3. G1-Cdk phosphorylation of Rb inactivates it, liberating E2F and triggering S-phase.

Question 20

Rb and retino blastoma

Answer 20

-Children that inherit a faulty copy of Rb are predisposed to retinoblastoma (and other cancers) and usually develop multiple tumors affecting both eyes.
-Non-hereditary retinoblastoma is extremely rare because it requires two successive hits to the Rb gene (ie. the knudson two-hit model), and typically only produces a tumor in one eye.

Question 21

p53 - the guardian of the genome

Answer 21

• p53 is one of the most important tumour suppressor genes in human cancers. It is a DNA-binding transcription factor.
  *Homozygous loss of p53 is found in many carcinomas (eg. 70% of colon cancers, 30–50% of breast cancers, and 50% of lung cancers),
  -leukemias, lymphomas, sarcomas, and neurogenic tumors

Question 22

Fuction of p53

Answer 22

-Cells are subjected to various stresses such as hyperproliferation (e.g. due to excess Myc), DNA damage, telomere shortening, or lack of oxygen (i.e. hypoxia). These increase the levels/activity of p53.
-p53 can then respond by stopping the cells from dividing, causing them to die (undego apoptosis), and have them repair damaged DNA.
p53 is a transcriptional activator.
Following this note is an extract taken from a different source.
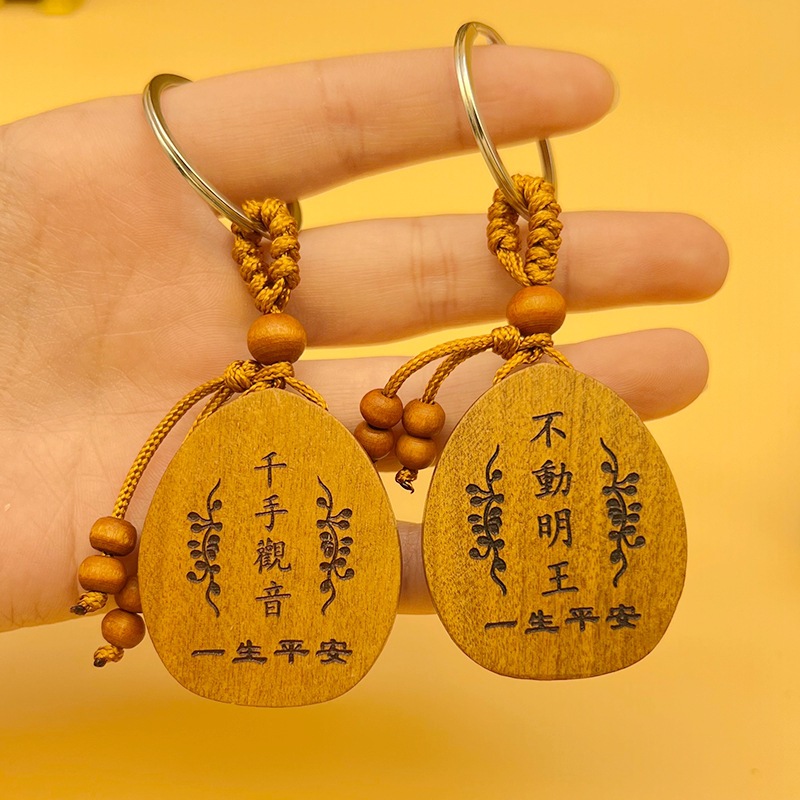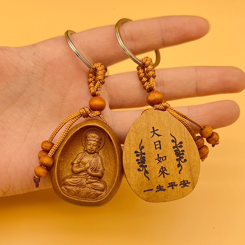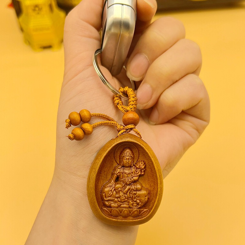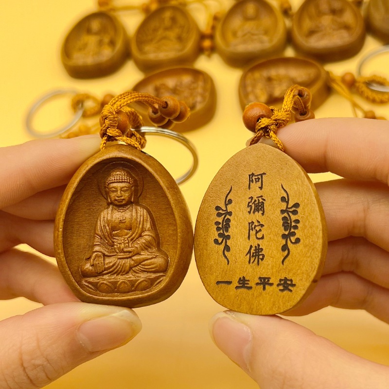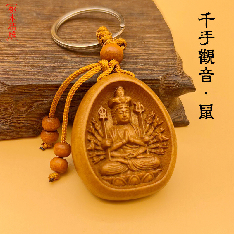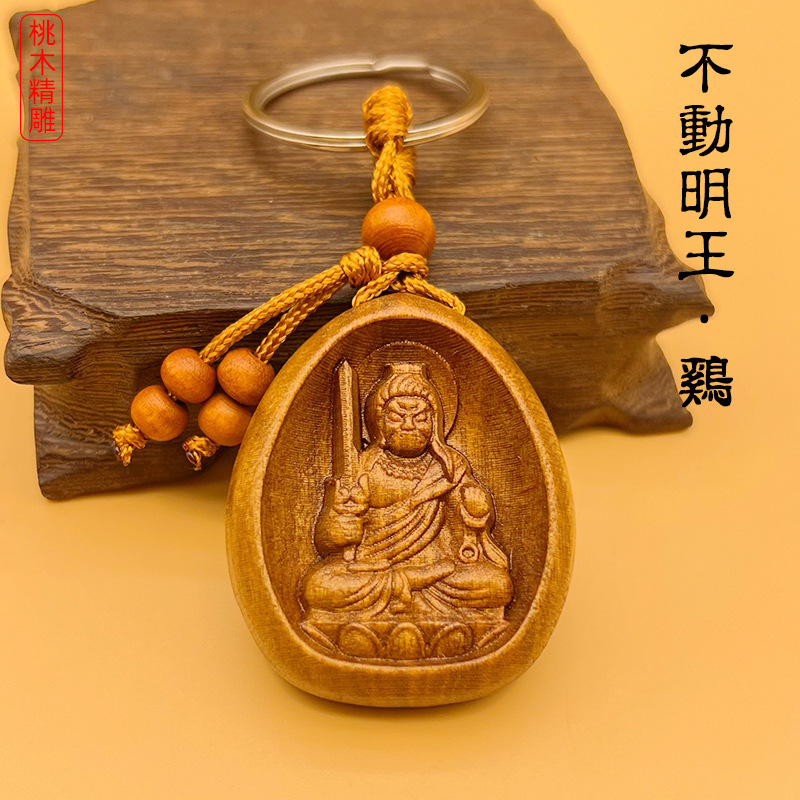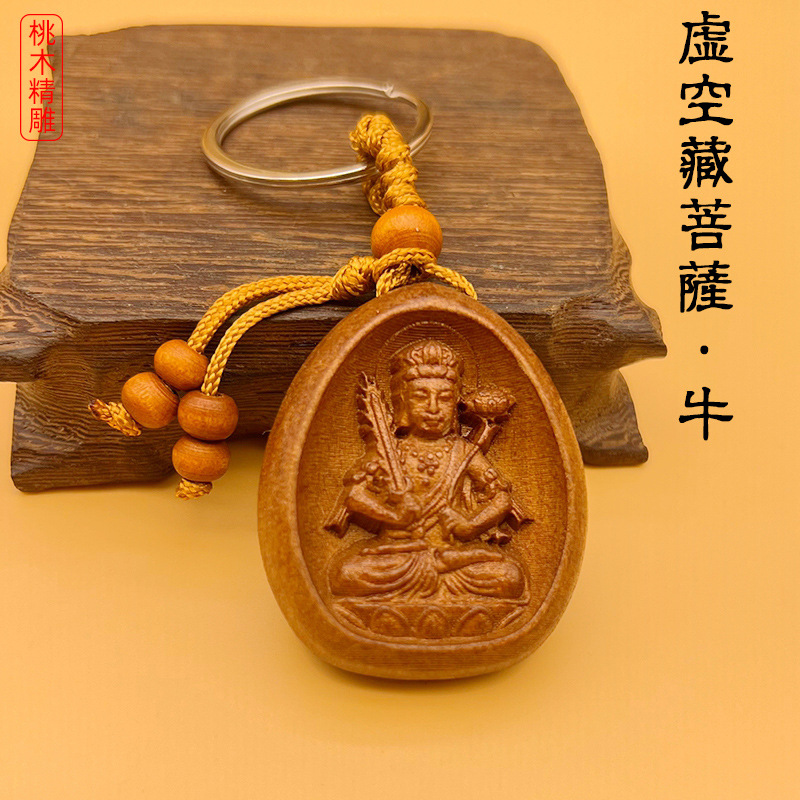 真桃木精雕十二生肖守护神八大本命佛汽车钥匙扣挂件属龙兔虎猴牛

It controls cell-cycle arrest, senescence, apoptosis, DNA repair, and invasion by turning on other genes

Question 23

p53 germline mutations - Li-Fraumeni syndrome (LFS)

Answer 23

-Greater risk of cancer, at a much younger age.
-at risk for many type of cancer

Question 24

Control of p53

Answer 24

-Levels of p53 are normally kept low in cells through the action of a ubiquitin ligase called Mdm2
-DNA damage lead to phosporilisation of p53, mdm2 can no longer bind
-p53 level increase
-Similarly, excessive amounts of Myc leads to increased levels of another protein Arf, which can stop Mdm2 binding to p53.